In another aspect, the present invention provides methods for the use of a compound of the invention, or a pharmaceutically acceptable salt thereof, (or a pharmaceutically acceptable composition comprising a compound of the invention or pharmaceutically acceptable salt thereof) in combination with one or more additional agents. Such additional agents may have some adenosine A2a and/or A2b receptor activity, or, alternatively, they may function through distinct mechanisms of action. The compounds of the invention may be used in combination with one or more other drugs in the treatment, prevention, suppression or amelioration of diseases or conditions for which the compounds of the invention or the other drugs described herein may have utility, where the combination of the drugs together are safer or more effective than either drug alone. The combination therapy may have an additive or synergistic effect. Such other drug(s) may be administered in an amount commonly used therefore, contemporaneously or sequentially with a compound of the invention or a pharmaceutically acceptable salt thereof. When a compound of the invention is used contemporaneously with one or more other drugs, the pharmaceutical composition may in specific embodiments contain such other drugs and the compound of the invention or its pharmaceutically acceptable salt in separate doses or in unit dosage form. However, the combination therapy may also include therapies in which the compound of the invention or its pharmaceutically acceptable salt and one or more other drugs are administered sequentially, on different or overlapping schedules. It is also contemplated that when used in combination with one or more other active ingredients, the compounds of the invention and the other active ingredients may be used in lower doses than when each is used singly. Accordingly, the pharmaceutical compositions comprising the compounds of the invention include those that contain one or more other active ingredients, in addition to a compound of the invention or a pharmaceutically acceptable salt thereof.

The weight ratio of the compound of the present invention to the second active ingredient may be varied and will depend upon the effective dose of each ingredient. Generally, an effective dose of each will be used. Thus, for example, when a compound of the invention is used in combination with another agent, the weight ratio of the compound of the present invention to the other agent may generally range from about 1000:1 to about 1:1000, in particular embodiments from about 200:1 to about 1:200. Combinations of a compound of the present invention and other active ingredients will generally also be within the aforementioned range, but in each case, an effective dose of each active ingredient should generally be used.

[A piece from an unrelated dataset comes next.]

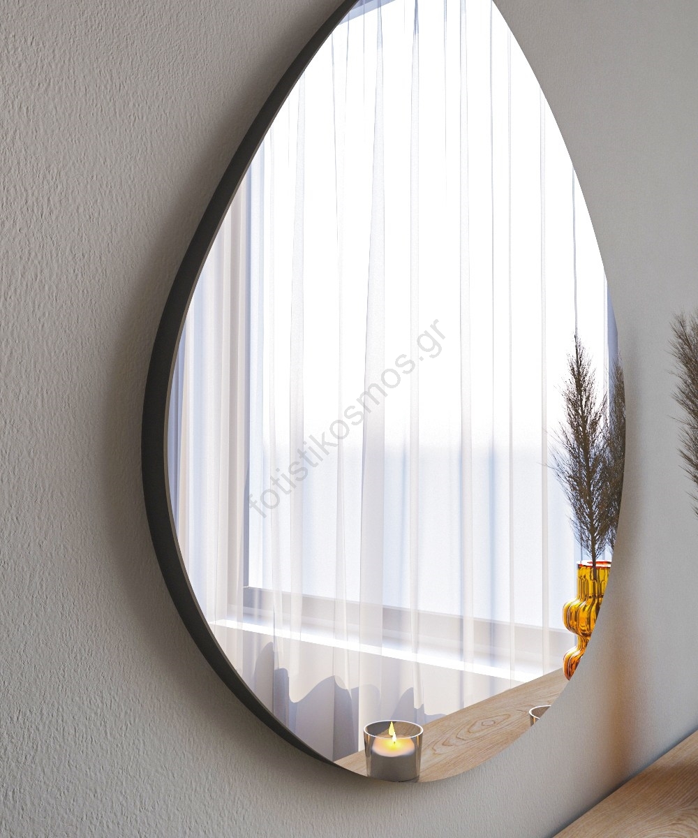 • Καθρέφτης τοίχου με μοντέρνο σχεδιασμό και μαύρη πλευρά.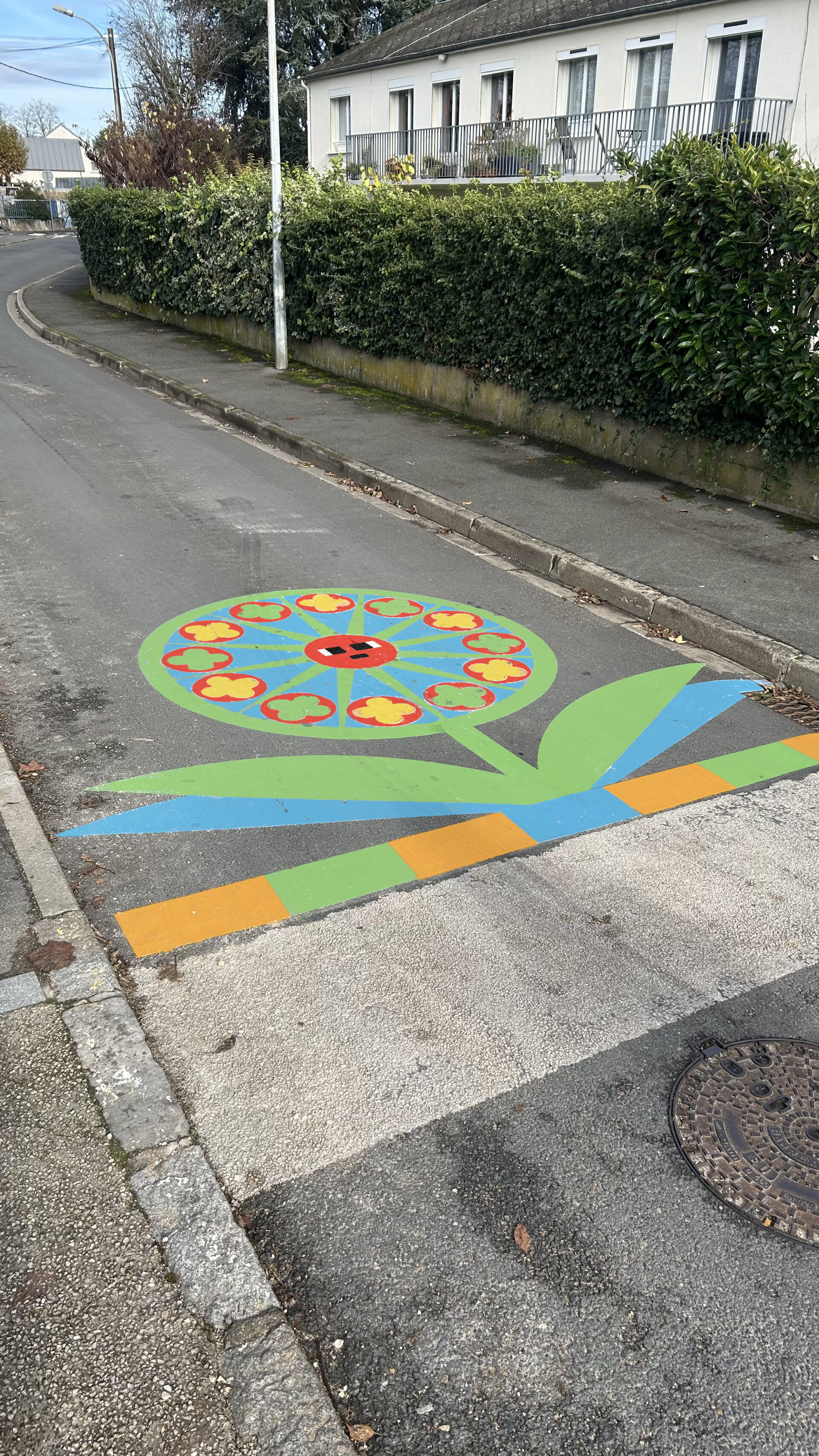 Une fresque sur la route autour de l’école Charles Péguy à Orléans

Given the immunosuppressive role of adenosine, the administration of an A2a receptor antagonist, an A2b receptor antagonist, and/or an A2a/A2b receptor dual antagonist according to the invention may enhance the efficacy of immunotherapies such as PD-1 antagonists. Thus, in one embodiment, the additional therapeutic agent comprises an anti-PD-1 antibody. In another embodiment, the additional therapeutic agent is an anti-PD-L1 antibody.